As opposed to manual profiling, full profiling utilises the inbuilt data profiler that is packaged with GE in order to build a full expectation suite based on the column types, and then validate the data against all of these expectations. A workflow for such a method might be to profile all the tables within a database, maintain these expectations and then validate any updates from the raw data that is appended to these tables. This example is what is shown below, which utilises a couple of custom functions which can be applied to each table within the data asset list created during set up.

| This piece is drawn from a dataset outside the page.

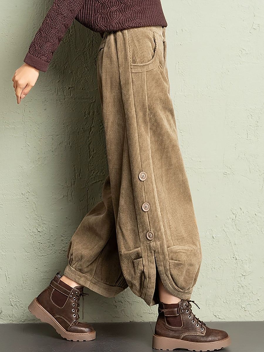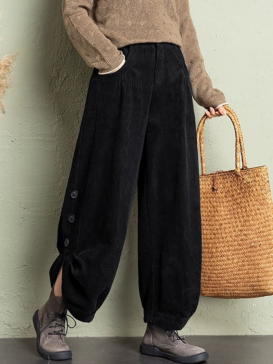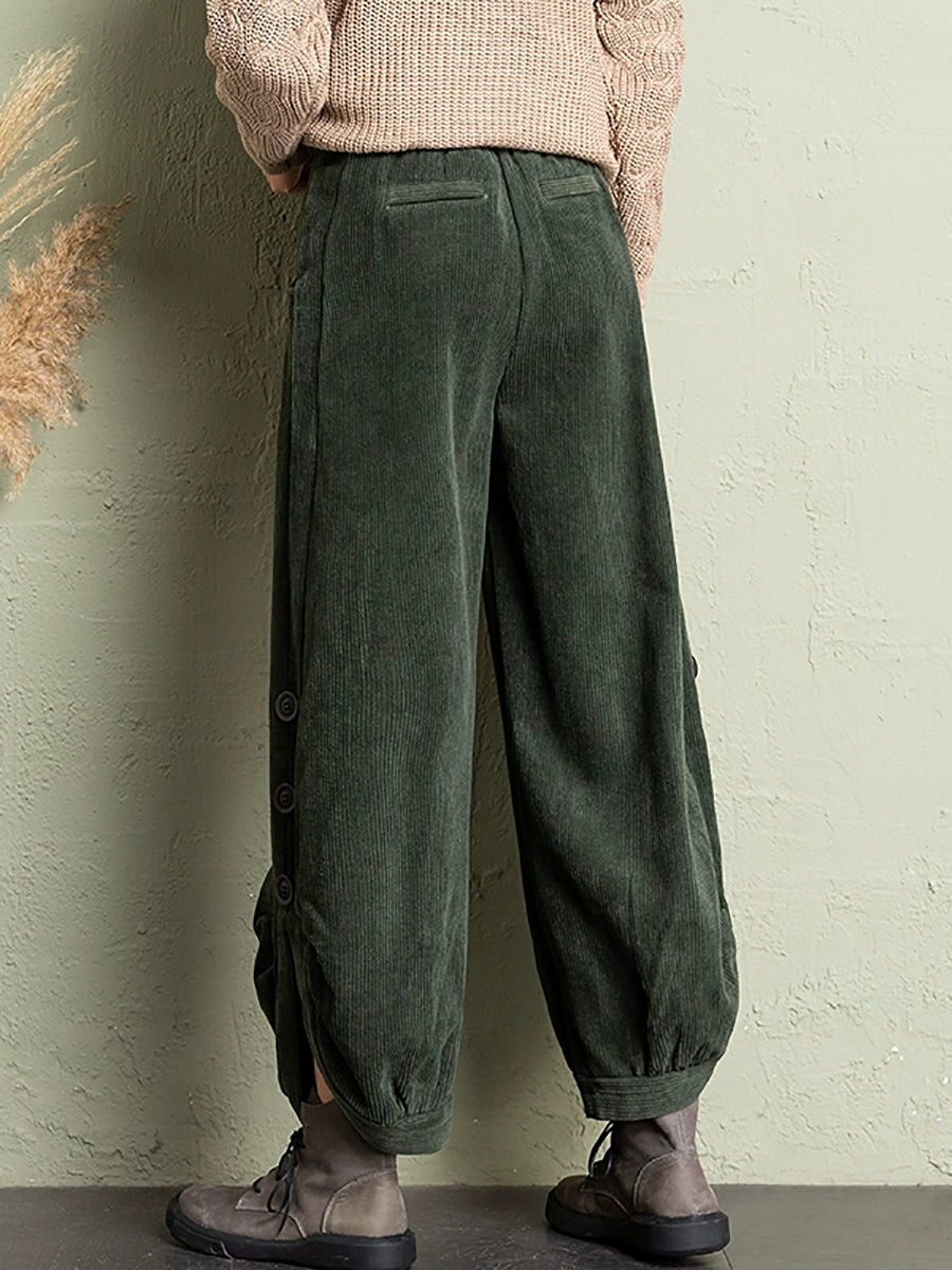Calças de veludo cotelê femininas casuais de inverno em cor lisa

# First build the functions to produce the expectations for the database and also
# to run the validations 

def build_expectations(database, asset_name, context):
  
  exp_suite = database + "." + asset_name + "." + str(datetime.today().strftime("%d-%m-%Y")) + "_expectations"
  
  data = spark.table(database + "." + asset_name)
  
  spark_data = SparkDFDataset(data)
  
  context.create_expectation_suite(exp_suite, overwrite_existing = True)
  
  profile = spark_data.profile(BasicDatasetProfiler)
  
  context.save_expectation_suite(profile)
  
  sqlContext.uncacheTable(database + "." + asset_name)
  
  
def validate_expectations(database, asset_name, context):
  
  val_suite = database + "." + asset_name + "." + str(datetime.today().strftime("%d-%m-%Y")) + "_validation.json"
  
  data = spark.table(database + "." + asset_name)
  
  spark_data = SparkDFDataset(data)
  
  validation = spark_data.validate()
  
  val_json = json.loads(str(test))  
  
  with open(f"/dbfs/getest/expectations{val_suite}", 'w') as f:
    json.dump(val_json, f)
  
  sqlContext.uncacheTable(database + "." + asset_name)
# Create the expectations and then validate, storing the results of the validation and updating the data docs



for i, j in zip(data_assets, data_assets_paths):
  build_expectations(DATABASE, i, context)


for i, j in zip():
  validate_expectations(DATABASE, i, context)

The first function should produce an expectations file for each table, which can then be validated against to build a new data docs page. Examples of the json outputs from both functions are shown below.

Wrap up

So, hopefully this post has shown you a potential new way to more simply test the quality of what’s moving within your data pipeline, rather than just the functions that make it up! In addition to the enhanced testing that GE provides, I believe that the incorporation of the static Data Docs data quality pages could be a real help to organisations looking to quickly understand the quality of their data!